Hearing the Sound: Using Sound to Understand and Protect a Changing Ocean
Many of us may think of the ocean as quiet, but beneath the waves lives a vibrant and constant world of sound. From Sperm whale clicks to the crack of Snapping shrimp claws, the ocean is teeming with diverse and fascinating noises.
For marine mammals, sound means survival. These animals communicate, hunt, navigate, play, rest, and socialize through acoustic cues. With the continual rise of underwater noise caused by humans, these intricate and vital sounds are in danger of being drowned out. To understand these impacts and help protect the most vulnerable species, scientists can use a powerful listening tool to gain insight into this evolving marine soundscape: the hydrophone.
What is a hydrophone and why do they matter?

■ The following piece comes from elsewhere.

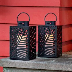 Create a warm, vibrant ambience for your next evening event, dinner party, or night on the patio with our Leaf Lanterns. Each rectangular panel of these large, metal luminaries depicts an abstract foliage pattern that is absolutely stunning when silhouetted by candlelight. Insert the candles of your choice through each lantern’s hinged door then use the latch to close it tight. The lanterns are painted black to blend easily with any décor.

A hydrophone is essentially an underwater microphone. Instead of capturing changes in air pressure (like a traditional mic), it detects underwater pressure fluctuations and converts them into electrical signals. These signals can then be amplified, recorded, and transformed into digital audio that can then be analyzed by scientists.
Hydrophones allow researchers to listen to whale and dolphin vocalizations, reef soundscapes, vessel noise, storms, seismic events, underwater construction, and more!
Here we can see sound waves moving into a microphone. The sound wave vibrations then travel around the coil and create an electrical signal by using the magnetic field of the magnet. The magnet is essentially creating something for the coil to move against as it vibrates, which then produces electrical signals.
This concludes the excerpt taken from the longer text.